Artificial Intelligence and Mental Health

Original article was published by Cindy Kei on Artificial Intelligence on Medium


Artificial Intelligence and Mental Health

The Use of AI in Mental Health Care

Credit: Rebecca Hendin

Day by day, AI and machine learning play a bigger and bigger role in our world. Be it self-driving cars, virtual assistants, or algorithms that decide whether an applicant looking to lease an apartment should be approved or not, the application of AI and machine learning is integral to the way the world works today.

Scientists are now working to use artificial intelligence to help diagnose and treat mental illness. Mental illness affects a big proportion of the population and poses a real threat to societal well-being. Being able to accurately diagnose and treat mental illness is extremely important, but as it currently stands, the ways in which we do this are sometimes inconsistent and subjective. Currently, mental health diagnoses are given by psychiatric professionals who look at a patient’s symptoms and then refer to the Diagnostic and Statistical Manual of Mental Disorders, which dictates the criteria for different disorders based on the display of associated symptoms.

“Psychiatry is seeking to measure the mind, which is not quite the same thing as the brain. So it relies on having people quantify how they feel. While clinical diagnostic surveys are actually quite accurate, they are prone to some inaccuracies. What one person considers a 3 on a 1 to 10 sadness scale, for example, could be another person’s seven and yet another’s ten — and none of them are wrong. The language for accurately measuring pain just isn’t consistent…Mental health disorders are also amorphous things, with overlapping symptoms among different diagnoses.” (Zarley)

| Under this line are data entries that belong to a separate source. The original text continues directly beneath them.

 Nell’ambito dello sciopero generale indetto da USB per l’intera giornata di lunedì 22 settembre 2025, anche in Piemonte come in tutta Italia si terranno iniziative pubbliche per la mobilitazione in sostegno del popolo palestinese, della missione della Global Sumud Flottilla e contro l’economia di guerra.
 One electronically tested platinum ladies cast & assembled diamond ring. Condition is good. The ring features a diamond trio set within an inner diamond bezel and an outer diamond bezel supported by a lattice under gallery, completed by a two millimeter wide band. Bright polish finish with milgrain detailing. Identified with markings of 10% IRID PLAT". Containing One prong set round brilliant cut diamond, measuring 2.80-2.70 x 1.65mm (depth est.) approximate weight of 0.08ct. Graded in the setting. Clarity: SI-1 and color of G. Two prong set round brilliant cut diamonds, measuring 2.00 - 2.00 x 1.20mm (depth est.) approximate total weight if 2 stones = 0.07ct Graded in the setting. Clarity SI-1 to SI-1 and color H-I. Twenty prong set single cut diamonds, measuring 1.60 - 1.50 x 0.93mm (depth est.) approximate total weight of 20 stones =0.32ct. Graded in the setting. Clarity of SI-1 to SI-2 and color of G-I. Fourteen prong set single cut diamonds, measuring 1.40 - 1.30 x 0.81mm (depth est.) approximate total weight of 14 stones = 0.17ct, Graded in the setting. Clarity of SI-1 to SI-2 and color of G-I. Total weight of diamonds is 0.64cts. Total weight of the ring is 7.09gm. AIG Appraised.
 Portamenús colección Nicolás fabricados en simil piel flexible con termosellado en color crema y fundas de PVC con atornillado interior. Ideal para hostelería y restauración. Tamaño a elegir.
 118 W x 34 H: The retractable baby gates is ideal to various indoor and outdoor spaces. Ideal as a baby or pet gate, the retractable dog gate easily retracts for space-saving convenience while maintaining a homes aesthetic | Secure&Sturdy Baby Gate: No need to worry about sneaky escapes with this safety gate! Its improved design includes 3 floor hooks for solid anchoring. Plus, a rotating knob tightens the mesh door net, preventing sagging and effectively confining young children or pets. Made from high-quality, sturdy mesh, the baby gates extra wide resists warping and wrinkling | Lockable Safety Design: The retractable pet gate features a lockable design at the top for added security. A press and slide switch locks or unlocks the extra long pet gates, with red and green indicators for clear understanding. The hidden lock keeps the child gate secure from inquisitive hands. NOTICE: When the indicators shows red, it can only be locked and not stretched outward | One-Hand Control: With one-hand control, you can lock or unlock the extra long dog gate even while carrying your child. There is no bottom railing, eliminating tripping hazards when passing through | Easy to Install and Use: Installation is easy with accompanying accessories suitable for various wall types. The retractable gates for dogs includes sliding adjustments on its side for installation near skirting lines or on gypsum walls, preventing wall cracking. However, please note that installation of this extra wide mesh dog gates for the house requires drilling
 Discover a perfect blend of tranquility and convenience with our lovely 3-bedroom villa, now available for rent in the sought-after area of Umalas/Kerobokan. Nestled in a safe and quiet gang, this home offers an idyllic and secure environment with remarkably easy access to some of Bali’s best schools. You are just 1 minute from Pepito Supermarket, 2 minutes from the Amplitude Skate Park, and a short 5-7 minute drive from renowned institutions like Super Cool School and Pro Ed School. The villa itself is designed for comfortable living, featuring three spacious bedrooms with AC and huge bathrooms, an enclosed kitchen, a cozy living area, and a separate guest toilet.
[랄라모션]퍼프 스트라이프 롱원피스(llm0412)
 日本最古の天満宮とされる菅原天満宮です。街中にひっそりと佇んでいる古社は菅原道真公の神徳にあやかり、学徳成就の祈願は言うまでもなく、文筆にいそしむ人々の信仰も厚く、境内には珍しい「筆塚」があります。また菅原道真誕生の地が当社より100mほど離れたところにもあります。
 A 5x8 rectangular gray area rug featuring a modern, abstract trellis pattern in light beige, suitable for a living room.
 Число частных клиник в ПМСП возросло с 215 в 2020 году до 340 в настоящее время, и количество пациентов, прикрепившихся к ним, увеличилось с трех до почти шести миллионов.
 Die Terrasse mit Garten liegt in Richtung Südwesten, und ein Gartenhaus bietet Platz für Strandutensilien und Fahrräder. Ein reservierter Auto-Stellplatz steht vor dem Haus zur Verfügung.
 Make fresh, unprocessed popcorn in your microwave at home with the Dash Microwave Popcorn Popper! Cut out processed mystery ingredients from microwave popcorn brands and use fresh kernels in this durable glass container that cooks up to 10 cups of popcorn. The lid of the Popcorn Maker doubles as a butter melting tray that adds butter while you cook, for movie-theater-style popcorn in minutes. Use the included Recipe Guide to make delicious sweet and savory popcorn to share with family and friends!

Scientists believe that AI might provide us with a better and more data-driven model for giving accurate diagnoses, discovering underlying physical causes, and most importantly, determining the most effective treatment for a specific mental disorder. Researchers at Virginia Tech’s Fralin Biomedical Research Institute compile patient information including survey responses, neuro-imaging, behavioral data, speech data from interviews, and psychological assessments, and then feed all of this data into a machine learning algorithm. Scientists are planning to add saliva and blood samples into the algorithm as well to give a more complete picture.

Credit: Rebecca Hendin

“This science was not possible until very recently. The algorithms [used] are decades old: they combine with fMRI imaging, which was invented in 1990. But the computing power required to make them useful is finally available now, as is a newer willingness to combine scientific disciplines in novel ways for novel problems.” (Zarley)

Through fMRI (functional MRI) scans, the algorithm has access to neurological information, which teaches the machine which parts of the brain light up and respond to certain stimuli. This would allow scientists to detect patterns and explore how people respond to social situations and analyze how “healthy” brains compare to the brains of people with mental health disorders. The machine would also be able to determine where a certain treatment is effective, “perhaps providing a template for preventative mental health treatment through exercises one can do to rewire the brain” (Zarley).

Pearl Chiu, a clinically-trained psychologist working at Fralin hopes that this method will allow for the identification of patterns that clinicians do not pick up on or cannot access through neuro-imaging. The goal is that in “making mental health disorders more physical…[we can] help destigmatize them as well (Zarley).

“If it can be diagnosed as objectively and corporeally as heart disease, would depression or bipolar disorder or schizophrenia carry the same shame?” (Zarley)

While AI and machine learning is incredibly useful and would be a huge benefit in the realm of mental health care, scientists do have to take account human biases that might affect their model. As B. David Zarley writes in his The Verge article, “A diagnosis found by a machine learning pattern would mean little if the bias is in the programming.” It is easy to think of algorithms and machine learning as unbiased and impartial, but we have to keep in mind that the data is collected and analyzed by human beings and “even the tools used to collect that data have shortfalls that can bias the data as well” (Zarley).